UBS Sees 20% Drop for Biggest China Stocks on Profit DropBloomberg News
UBS AG says it’s time to start cutting Chinese profit forecasts again.
Chen Li, the lender’s chief China equity strategist, estimates companies in the nation’s CSI 300 Index will post a 3 percent drop in earnings this year, versus consensus forecasts for a 14 percent gain. As analysts downgrade projections to account for a weak property market and depreciating yuan, China’s biggest non-bank stocks may extend this year’s drop to 20 percent, Chen says.
The Shanghai-based strategist sees parallels with 2012, when the nation’s slowing economy spurred analysts to reduce profit estimates and the CSI 300 index fell more than 20 percent from its May high through the December low. The gauge has retreated 8 percent so far this year amid concern that a housing slump will add risks to an economy that analysts already predict will grow at the slowest pace in 24 years.
“It will be a down year for stocks,” Chen said in a May 13 interview at the Swiss bank’s office in Shanghai. “Property will be the biggest risk.”
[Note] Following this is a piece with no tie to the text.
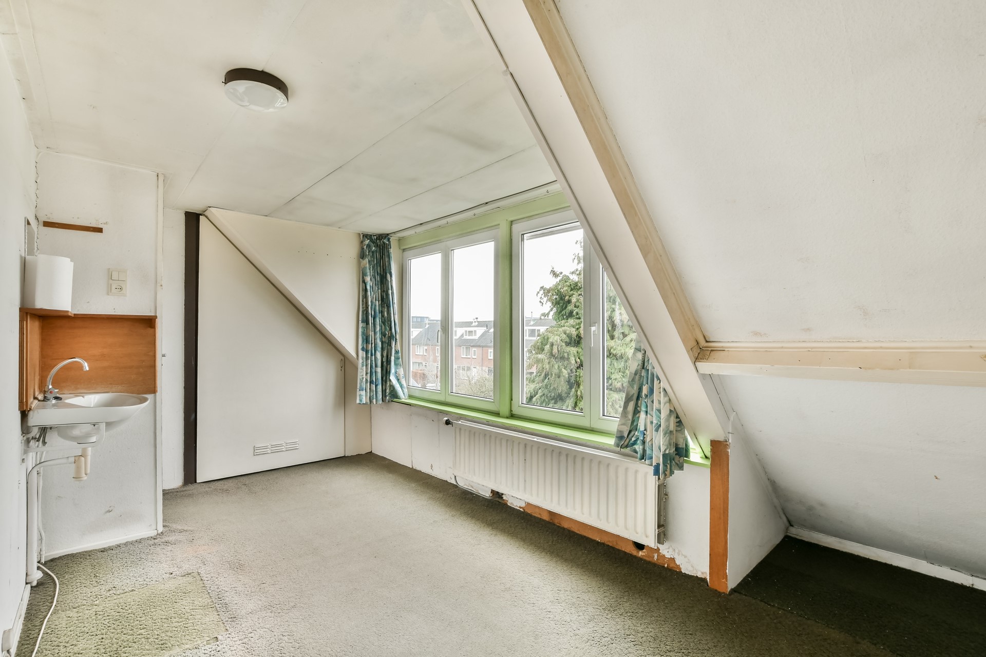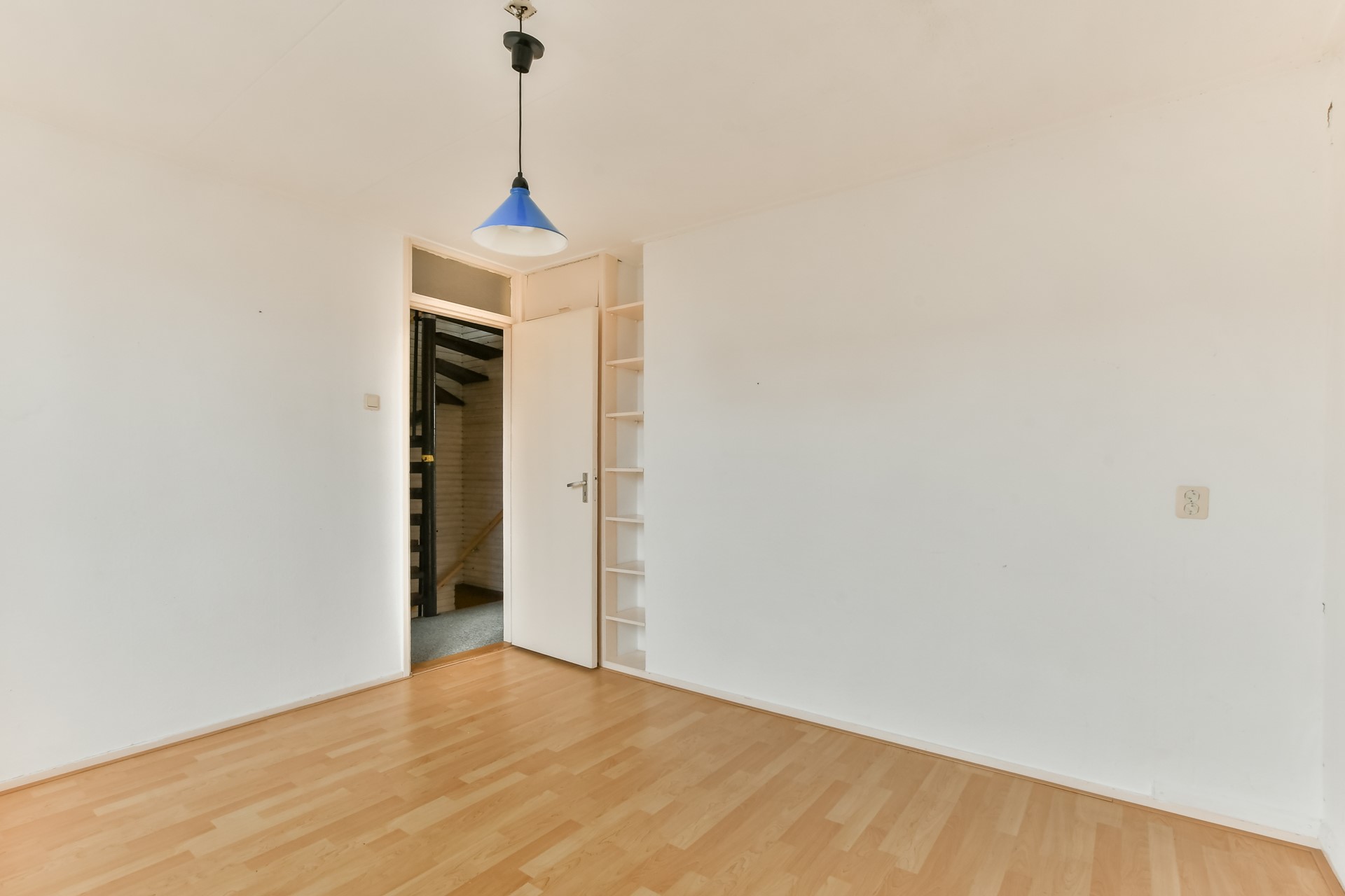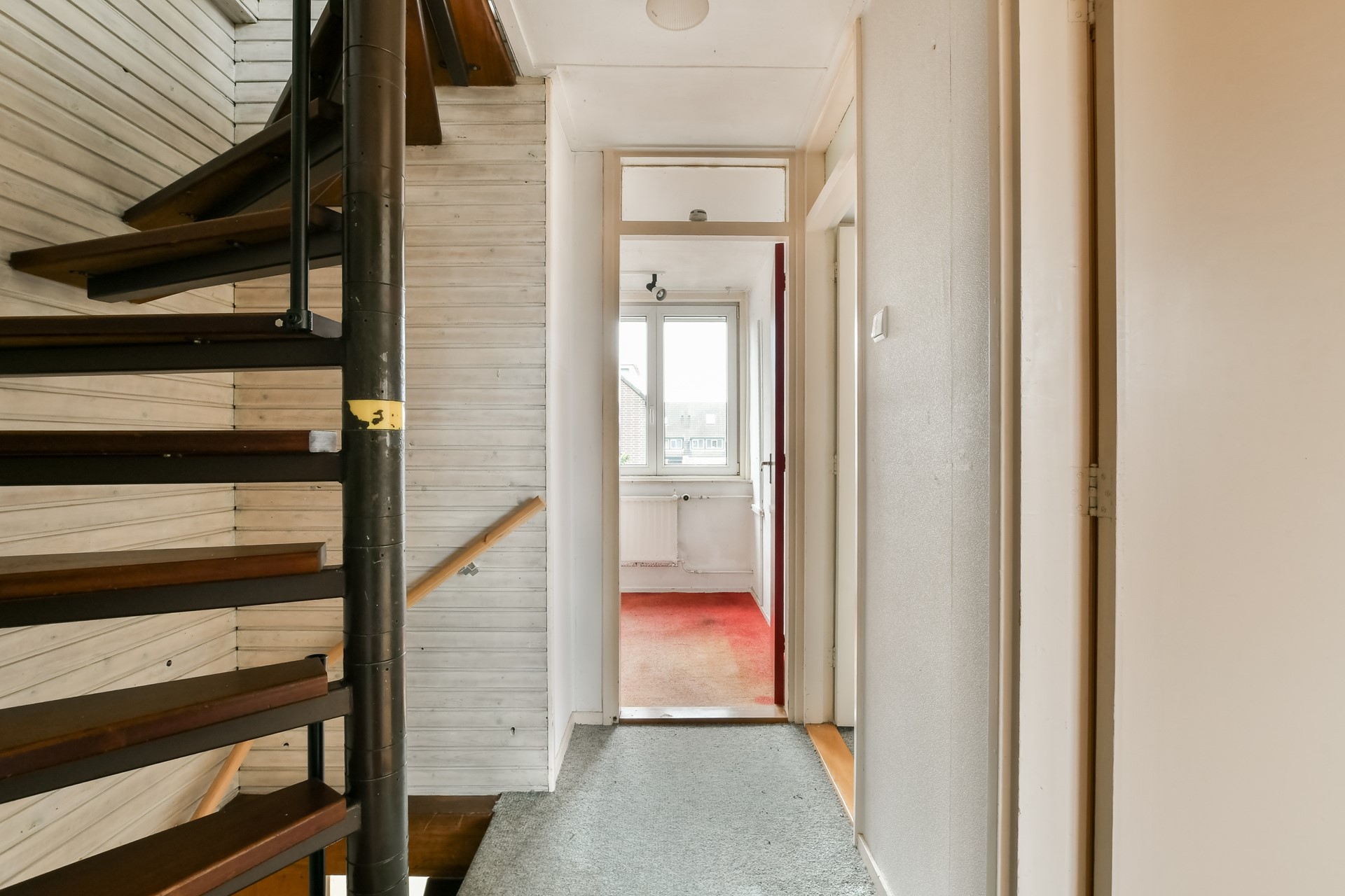 The spiral staircase leads to the landing. At the front is the bathroom with toilet, washbasin and shower. There is the possibility to enlarge the bathroom and modernise it to your own liking. On the street side is a spacious bedroom with built-in wardrobe. At the rear is the master bedroom with practical built-in wardrobe wall. There is also an extra room with built-in wardrobe, ideal as a children's room or study.

Chen predicted China’s stocks would tumble in 2011, when the CSI 300 plunged 25 percent. He forecast a 20 percent rally in December 2012. While the gauge subsequently advanced more than 25 percent in two months, it erased most of those gains by mid-year.
Chinese President Xi Jinping said last week that the nation needs to adapt to a “new normal” in the pace of economic growth. New building construction fell 22 percent in the first four months of the year, while home sales slid 18 percent in April. Data on industrial output, retail sales and investment for April released this week all trailed analysts’ estimates.
The CSI 300 fell 1.3 percent to 2,144.08 at the close, versus a 0.3 percent gain in the MSCI Emerging Markets Index. The Bloomberg index of the most-traded Chinese shares in the U.S. dropped 0.2 percent to 100.71 in New York yesterday, extending this year’s decline to 5 percent.
The yuan has lost 2.8 percent versus the dollar this year and touched its weakest level since October 2012 last month.
A weaker Chinese currency has hurt businesses, including airlines and developers, that borrowed money in dollars to fund projects, Chen said. A further 3 percent depreciation would cost the companies about 30 billion yuan ($4.8 billion), equal to as much as 9 percent of their total earnings, Chen said.
The CSI 300 index’s “downside risk” is between 15 percent and 20 percent, excluding banks, he said.
Bullish forecasts on Chinese stocks from some of Chen’s peers have so far failed to come true. The Communist Party’s biggest policy changes since the 1990s, unveiled in November, led Goldman Sachs Group Inc. to raise its recommendation on Chinese shares to overweight and spurred Citigroup Inc. to predict returns of at least 20 percent in 2014.
Chen is less pessimistic on shares of China’s smaller companies this year. He sees downside of 7 percent to 8 percent for the ChiNext index, which is dominated by private companies in industries such as technology and health care. The gauge has tumbled 19.6 percent from this year’s peak in February, approaching bear market losses of 20 percent.
“If the ChiNext index decreases another 10 percent, I would be very interested in buying,” said Chen, who in January predicted a plunge in the gauge on prospects a revival of initial public offerings would divert funds from existing shares. “Small-caps still have earnings growth.”
Some investors anticipate the government will step in to bolster the property market and arrest the slowdown in economic growth. While the CSI 300 index slipped 0.1 percent yesterday, the Hang Seng China Enterprises Index rallied 1.4 percent after the central bank asked lenders to expedite mortgages. The gauge extended early gains amid speculation that policy makers will also reduce lenders’ reserve requirements.
A reduction in those ratios alone won’t be effective as companies will still face relatively high borrowing costs, Chen said. China’s economic expansion may slow to as low as 7 percent in the third quarter, he said.
“Slowing property investment will hurt the economy,” Chen said. “The third quarter will be a challenging one for GDP growth.”